A Valpo Life in the Spotlight: Jeni Elkins

A Valpo Life in the Spotlight: Jeni Elkins
By: Sam Malkowski Last Updated: November 16, 2016

“When you cannot change the world, make your corner smile.”

Those are the words Jeni Elkins lives by. She has balanced motherhood, a career in the technology industry, and her responsibility to her community all while dodging the rocks life has thrown at her.

Jeni’s mother and grandparents raised her to have an open heart. They were always helping somebody. “It’s just something we do,” she explained. Jeni grew into a person who is always looking for ways to improve the lives around her.

One of the most important ways she has done that is through adoption. As a child, she read a book called “The Family No One Wanted,” about a Methodist couple that adopted a dozen children from multiple ethnic backgrounds, at a time when it just was not allowed. The anecdotes about love, family, and overcoming obstacles inspired Jeni to bring lost children into her family, even if she could conceive on her own.

Now Jeni is writing her own book, “Chosen Family,” to share her unique adoption story with other families.

Jeni and her husband met their children in 2007. It was supposed to be the first meeting of many before an adoption could take place, but the agency encountered an issue with the children’s situation.

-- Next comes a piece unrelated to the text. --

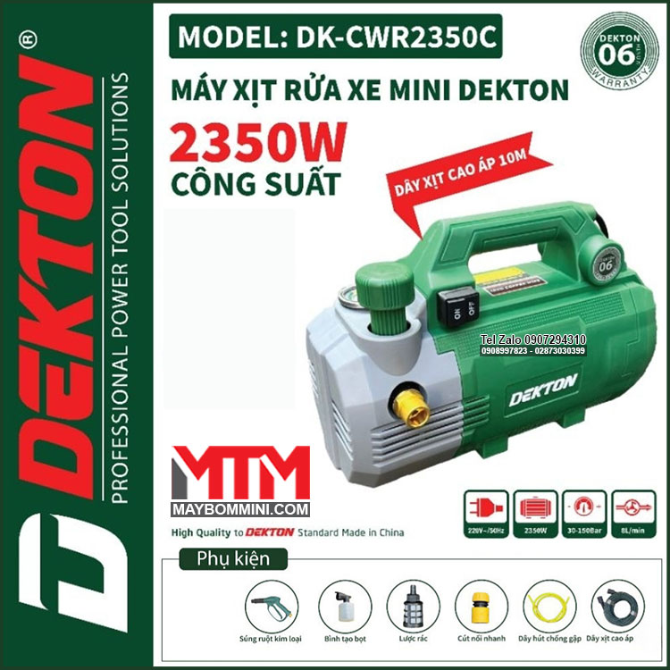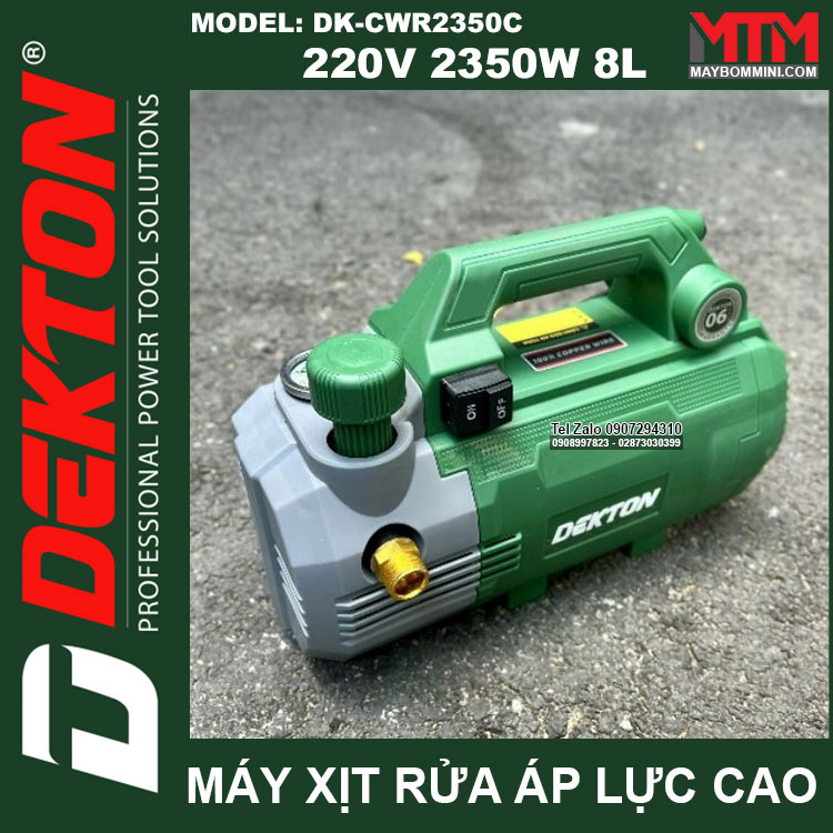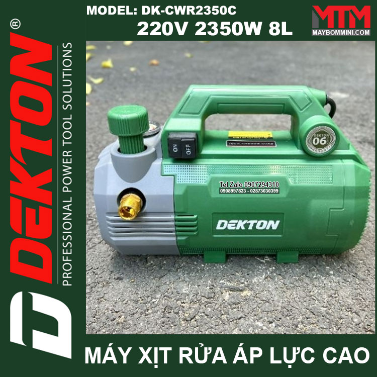 Máy xịt rửa áp lực cao 220V 2350W 150bar 8L Dekton DK-CWR2350C tự động có chỉnh áp. Sử dụng vệ sinh máy lạnh, rửa xe máy ô tô gia đình, vệ sinh nhà hàng, xịt rửa sàn nhà, xịt rửa nhà cửa, vệ sinh vật dụng dụng cụ, phun xịt rửa máy móc thiết bị công nghiệp, phun xịt tưới cây nông nghiệp, phun xịt rửa chuồng trại chăn nuôi. Được sản xuất với công nghệ mới được khách hàng đánh giá cao về chất lượng, duy chuyển gọn nhẹ linh hoạt tiện lợi.

They needed to make a decision right away.

The Elkins scurried to find a hotel. Other applicants were vying for the same group of kids, but Jeni and her husband wanted to be nearby in case they were chosen.

They were chosen. For a few months, everything was a dream. The Elkins’ first trip together was to the Wonderlab in Bloomington, where they bonded over STEM projects and creativity. Their family had grown by two daughters and a son.

Tragedy befell them when, over the next two years, Jeni lost fourteen people who were very close to her. One of them was her husband, who passed just months after the adoption of their children. The stress gave her an ulcer in her leg, a serious medical condition that confined her to a wheelchair.

Jeni was a single mother of three teenagers, so she could not give up.

From her wheelchair she started a business called Discoveries Unlimited, to honor her late husband. It was a STEM program that paired interested middle school girls with mentors from the community. As a veteran Webmaster in charge of a 50 person team, she was familiar with the lack of female influence in the industry. Girls are not encouraged to be scientists and engineers. Statistics for STEM careers reflect that.

“Like many of us in the field, we were worried who the next workers are going to be. We’re not going to have technicians if people don’t want to be technicians.”

Her program, though closed now for a lack of resources, showed young girls what it would be like to pursue different fields.

“We’re not going to have a future without them,” Jeni explained. “You have got to be able to show them what they are capable of and what they can accomplish.”

Jeni is often asked to speak at conventions and luncheons about the different things she has faced in life. She talks to her peers about being a woman in a Business industry, about raising three kids on her own, and about living through sexual abuse. Her blog, Torn in Half, is a resource for women who have lost their spouses.

“I’m trying to use my experience to help others. That’s what it’s all about, making my life count for something. When life throws you a lot of lemons, you learn to make margaritas.”